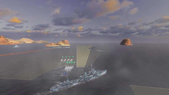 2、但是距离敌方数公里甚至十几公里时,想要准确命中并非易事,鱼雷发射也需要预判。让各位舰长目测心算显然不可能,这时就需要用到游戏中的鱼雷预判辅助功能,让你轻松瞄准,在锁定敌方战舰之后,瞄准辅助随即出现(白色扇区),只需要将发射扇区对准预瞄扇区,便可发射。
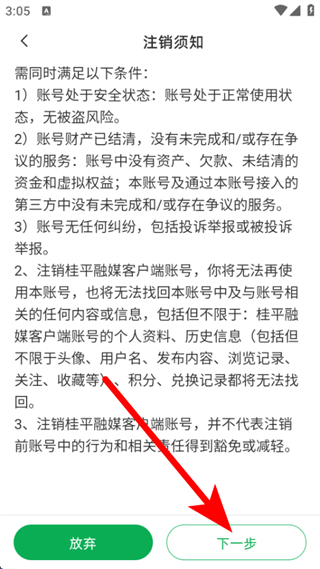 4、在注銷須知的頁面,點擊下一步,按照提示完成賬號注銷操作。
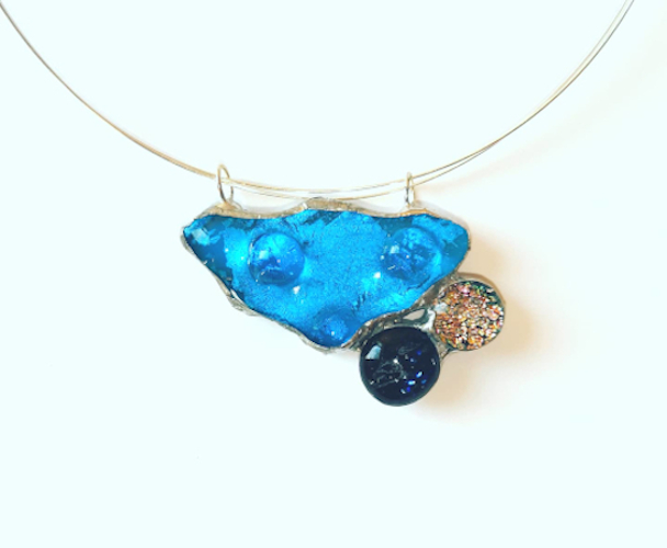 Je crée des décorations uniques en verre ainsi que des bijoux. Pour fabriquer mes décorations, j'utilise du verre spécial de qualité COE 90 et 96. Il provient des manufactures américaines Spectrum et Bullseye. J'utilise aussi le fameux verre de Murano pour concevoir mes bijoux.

==

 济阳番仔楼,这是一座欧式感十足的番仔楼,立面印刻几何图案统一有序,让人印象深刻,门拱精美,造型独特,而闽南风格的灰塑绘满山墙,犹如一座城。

▶ **AIM OF THE TASK**: Using the data above, return the lines from the one holding "2、但是距离敌方数公里甚至十" through the one holding "Je crée des" exactly, but not the pictures.

▶ **THE COMPLETED TASK**:
 2、但是距离敌方数公里甚至十几公里时,想要准确命中并非易事,鱼雷发射也需要预判。让各位舰长目测心算显然不可能,这时就需要用到游戏中的鱼雷预判辅助功能,让你轻松瞄准,在锁定敌方战舰之后,瞄准辅助随即出现(白色扇区),只需要将发射扇区对准预瞄扇区,便可发射。
 4、在注銷須知的頁面,點擊下一步,按照提示完成賬號注銷操作。
 Je crée des décorations uniques en verre ainsi que des bijoux. Pour fabriquer mes décorations, j'utilise du verre spécial de qualité COE 90 et 96. Il provient des manufactures américaines Spectrum et Bullseye. J'utilise aussi le fameux verre de Murano pour concevoir mes bijoux.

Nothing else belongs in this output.